- **PROBLEM DETAILS**:
Return the listing below unchanged, except that the pictures are dropped.

+ + + +

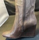 Nine West Heartset Brown Leather Knee High Boot Size 6.5M Brand: Nine West Overall Condition: New in box. See pictures for details. Materials: Leather with man made rubber sole. Shipped with USPS Priority, Flat Rate or, when possible, First Class Mail. Turn up your look with this fierce knee high boot on a chic wedge heel. Knee-length boot with tonal wedge and almond toe. Full-length zip Style: REETA Brand: American Rag Category: Boots Brand Name: Nine West Department: Womens Category: Boots Details for Shopper Size: 6.5 M Shoes Width: 3 inches Heel Height: 3 ¼ inches Heel Type: Wedge Toe Style: Closed Almond Toe Payment Policies We accept payment through PayPal, credit card, and debit card. Please note that the item may be relisted if payment is not received within the 10 day period. Shipping Policies Delivery estimates will be displayed at checkout. In-store pickup is also available if you would like to visit us in store. We ship to Continental United States only. Terms of Sale Each item we sell is unique. There are no exchanges for the same item available. All items are carefully inspected by My Sister’s Closet of Monroe County’s quality control team prior to shipping. Please carefully review item details. If you have questions, please message us regarding the item before purchasing. Note: Due to the different monitor and light effects, the actual color of the item shown might be slightly different from the color in pictures. Return Policy We strive to describe and measure our items accurately. If your order is not what you expected, we accept returns under the following conditions: The item was not as described as listed The wrong item was shipped. The item does not fit. If the wrong item was shipped, we will attempt to replace it with the item originally ordered. Please note - items not returned in the exact same condition, with tags attached, may be subject to a partial refund to account for loss of the item’s value. Please refer to eBay Return policy for more details. You are covered by the eBay Money Back Guarantee if you receive an item that is not described as listed. Return Requirements: The buyer must return the item within 30 days of receipt. Buyer is responsible for return shipping charges. The item(s) must be returned in the original condition, unworn, with tags attached. Thank you for shopping with us! A little bit more about us… My Sister’s Closet is a nonprofit serving women in poverty since 1998. Our mission is to help women move closer to economic self-sufficiency by providing essential career development tools. This includes job training, mentoring, advocacy services, and professional attire for job interviews to help them find employment. We have helped over 2500 women thus far. Most clients we serve have been dealing with homelessness, domestic violence, illness, divorce, job loss, economic recovery and/or lack basic education. Visit Our eBay Store
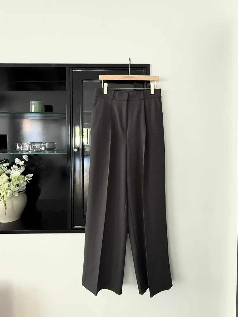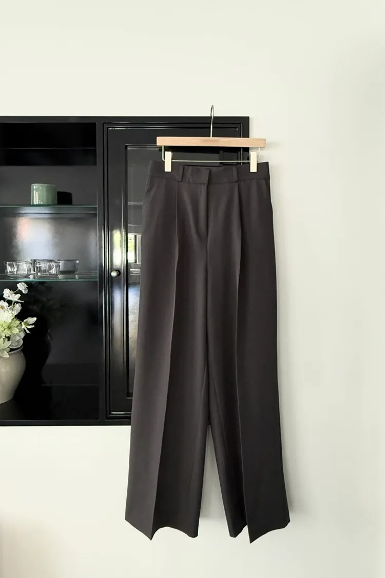 ✓ 直筒西褲,腹部打折設計;褲長偏長
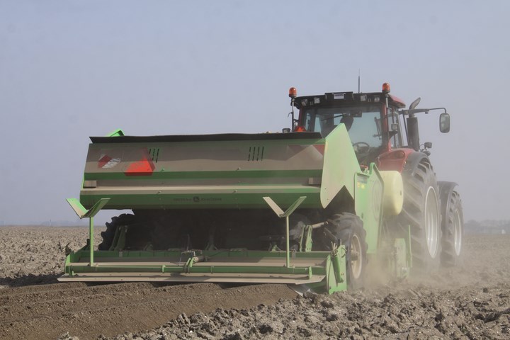New Holland TM 155 met een twaalfrijïge Hassia bietenzaaimachine van akkerbouwbedrijf Ten Cate uit Swifterbant.
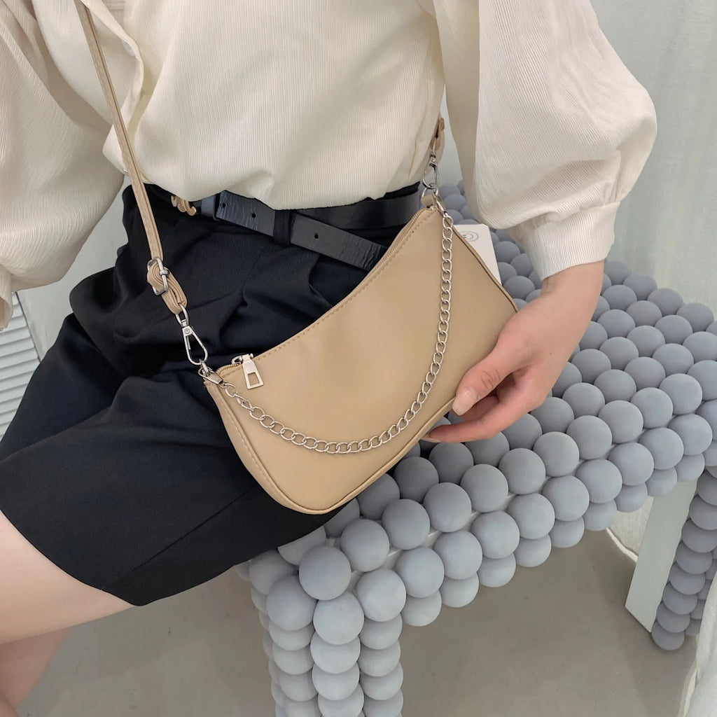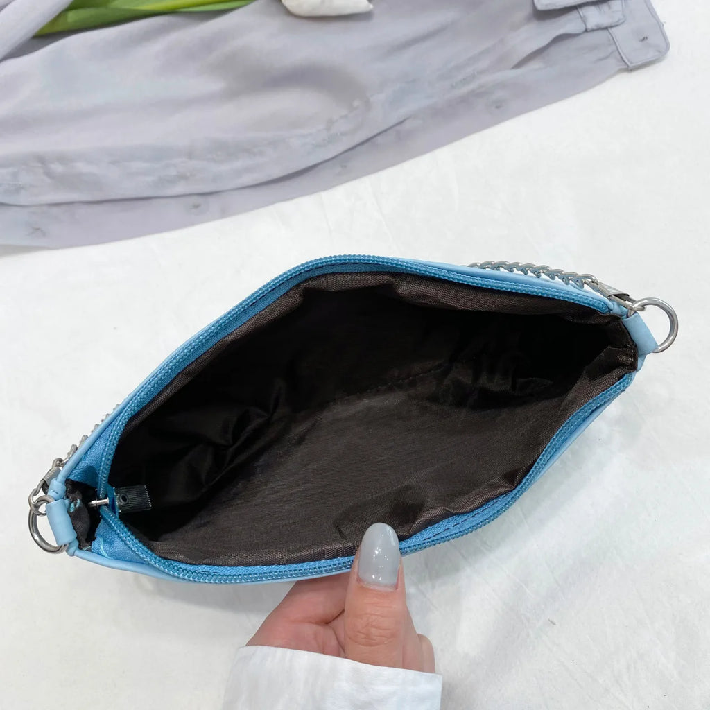 Small Chain Clutch Armpit Shoulder Bag Solid PU Leather
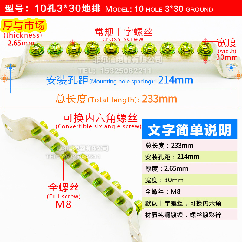 Direct sales 10-hole ground row 3*30 zero ground row 30 wide distribution box thickened and widened ground wire terminal copper bar row
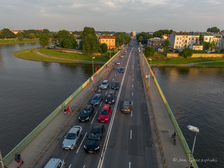 Kolejna interpelacja Łukasza Gibały dotyczy możliwości zastosowania tymczasowego mostu składanego na czas remontu mostu Dębnickiego. - 7 lipca rozpoczął się remont mostu Dębnickiego. Z prowadzonymi pracami wiązała się konieczność zamknięcia dwóch pasów drogowych prowadzących przez most. Tak duże ograniczenie w ruchu drogowym na kluczowym odcinku jednej z najbardziej uczęszczanych tras stało się przyczyną ogromnych korków nie tylko na ulicach bezpośrednio sąsiadujących z remontowanym miejscem, ale i na większym obszarze. Nieustannie powstające zatory są bardzo dokuczliwe przede wszystkim dla mieszkańców podróżujących komunikacją miejską. Jak zgłaszają pasażerowie oraz kierowcy pojazdów, autobusy poruszające się po trasie, na którą wpływają utrudnienia związane z pracami na moście Dębnickim, notują bardzo duże opóźnienia, sięgające nawet kilkudziesięciu minut. Te informacje znajdują potwierdzenie w oficjalnych komunikatach Miejskiego Przedsiębiorstwa Komunikacyjnego, dotyczących opóźnień autobusów przejeżdżających przez rondo Grunwaldzkie. W obliczu tak dużych utrudnień oczywista wydaje się potrzeba szukania wszelkich rozwiązań, które mogłyby choć w części zmniejszyć negatywne efekty trwającego remontu. Należy pamiętać, że prace budowlane na moście Dębnickim mają trwać także po zakończeniu wakacji, kiedy ruch drogowy, jak można łatwo przewidzieć, jeszcze się nasili. Mieszkańcy obawiają się dalszego zwiększenia utrudnień w tym okresie i proszą o podjęcie działań w celu upłynnienia ruchu drogowego. W 1998 r. most Dębnicki poddano generalnemu remontowi, podczas którego był on całkowicie wyłączony z użytkowania. Ruch drogowy przeniesiono wówczas na składany most wojskowy Lajkonik, który zdemontowano po zakończeniu prac, a następnie tymczasowo postawiono w rejonie Zabłocia w celu odciążenia ruchu samochodowego na moście Powstańców Śląskich. Wielu mieszkańców apeluje, by na czas obecnie prowadzonych prac na moście Dębnickim ponownie zastosować wspomniane rozwiązanie – apeluje radny. Dopytuje także, czy rozważano możliwość zastosowania na czas remontu mostu Dębnickiego tymczasowego mostu składanego w celu zminimalizowania utrudnień w ruchu drogowym? Jeśli odpowiedź na powyższe pytanie jest twierdząca – dlaczego nie zdecydowano się na takie rozwiązanie? Czy aktualnie, w świetle trwających i przewidywanych w kolejnych miesiącach utrudnień, istnieje możliwość zastosowania powyższego rozwiązania?

+ + + +

- **RESPONSE TO THE EXERCISE**:
 Nine West Heartset Brown Leather Knee High Boot Size 6.5M Brand: Nine West Overall Condition: New in box. See pictures for details. Materials: Leather with man made rubber sole. Shipped with USPS Priority, Flat Rate or, when possible, First Class Mail. Turn up your look with this fierce knee high boot on a chic wedge heel. Knee-length boot with tonal wedge and almond toe. Full-length zip Style: REETA Brand: American Rag Category: Boots Brand Name: Nine West Department: Womens Category: Boots Details for Shopper Size: 6.5 M Shoes Width: 3 inches Heel Height: 3 ¼ inches Heel Type: Wedge Toe Style: Closed Almond Toe Payment Policies We accept payment through PayPal, credit card, and debit card. Please note that the item may be relisted if payment is not received within the 10 day period. Shipping Policies Delivery estimates will be displayed at checkout. In-store pickup is also available if you would like to visit us in store. We ship to Continental United States only. Terms of Sale Each item we sell is unique. There are no exchanges for the same item available. All items are carefully inspected by My Sister’s Closet of Monroe County’s quality control team prior to shipping. Please carefully review item details. If you have questions, please message us regarding the item before purchasing. Note: Due to the different monitor and light effects, the actual color of the item shown might be slightly different from the color in pictures. Return Policy We strive to describe and measure our items accurately. If your order is not what you expected, we accept returns under the following conditions: The item was not as described as listed The wrong item was shipped. The item does not fit. If the wrong item was shipped, we will attempt to replace it with the item originally ordered. Please note - items not returned in the exact same condition, with tags attached, may be subject to a partial refund to account for loss of the item’s value. Please refer to eBay Return policy for more details. You are covered by the eBay Money Back Guarantee if you receive an item that is not described as listed. Return Requirements: The buyer must return the item within 30 days of receipt. Buyer is responsible for return shipping charges. The item(s) must be returned in the original condition, unworn, with tags attached. Thank you for shopping with us! A little bit more about us… My Sister’s Closet is a nonprofit serving women in poverty since 1998. Our mission is to help women move closer to economic self-sufficiency by providing essential career development tools. This includes job training, mentoring, advocacy services, and professional attire for job interviews to help them find employment. We have helped over 2500 women thus far. Most clients we serve have been dealing with homelessness, domestic violence, illness, divorce, job loss, economic recovery and/or lack basic education. Visit Our eBay Store
 ✓ 直筒西褲,腹部打折設計;褲長偏長
New Holland TM 155 met een twaalfrijïge Hassia bietenzaaimachine van akkerbouwbedrijf Ten Cate uit Swifterbant.
 Small Chain Clutch Armpit Shoulder Bag Solid PU Leather
 Direct sales 10-hole ground row 3*30 zero ground row 30 wide distribution box thickened and widened ground wire terminal copper bar row
 Kolejna interpelacja Łukasza Gibały dotyczy możliwości zastosowania tymczasowego mostu składanego na czas remontu mostu Dębnickiego. - 7 lipca rozpoczął się remont mostu Dębnickiego. Z prowadzonymi pracami wiązała się konieczność zamknięcia dwóch pasów drogowych prowadzących przez most. Tak duże ograniczenie w ruchu drogowym na kluczowym odcinku jednej z najbardziej uczęszczanych tras stało się przyczyną ogromnych korków nie tylko na ulicach bezpośrednio sąsiadujących z remontowanym miejscem, ale i na większym obszarze. Nieustannie powstające zatory są bardzo dokuczliwe przede wszystkim dla mieszkańców podróżujących komunikacją miejską. Jak zgłaszają pasażerowie oraz kierowcy pojazdów, autobusy poruszające się po trasie, na którą wpływają utrudnienia związane z pracami na moście Dębnickim, notują bardzo duże opóźnienia, sięgające nawet kilkudziesięciu minut. Te informacje znajdują potwierdzenie w oficjalnych komunikatach Miejskiego Przedsiębiorstwa Komunikacyjnego, dotyczących opóźnień autobusów przejeżdżających przez rondo Grunwaldzkie. W obliczu tak dużych utrudnień oczywista wydaje się potrzeba szukania wszelkich rozwiązań, które mogłyby choć w części zmniejszyć negatywne efekty trwającego remontu. Należy pamiętać, że prace budowlane na moście Dębnickim mają trwać także po zakończeniu wakacji, kiedy ruch drogowy, jak można łatwo przewidzieć, jeszcze się nasili. Mieszkańcy obawiają się dalszego zwiększenia utrudnień w tym okresie i proszą o podjęcie działań w celu upłynnienia ruchu drogowego. W 1998 r. most Dębnicki poddano generalnemu remontowi, podczas którego był on całkowicie wyłączony z użytkowania. Ruch drogowy przeniesiono wówczas na składany most wojskowy Lajkonik, który zdemontowano po zakończeniu prac, a następnie tymczasowo postawiono w rejonie Zabłocia w celu odciążenia ruchu samochodowego na moście Powstańców Śląskich. Wielu mieszkańców apeluje, by na czas obecnie prowadzonych prac na moście Dębnickim ponownie zastosować wspomniane rozwiązanie – apeluje radny. Dopytuje także, czy rozważano możliwość zastosowania na czas remontu mostu Dębnickiego tymczasowego mostu składanego w celu zminimalizowania utrudnień w ruchu drogowym? Jeśli odpowiedź na powyższe pytanie jest twierdząca – dlaczego nie zdecydowano się na takie rozwiązanie? Czy aktualnie, w świetle trwających i przewidywanych w kolejnych miesiącach utrudnień, istnieje możliwość zastosowania powyższego rozwiązania?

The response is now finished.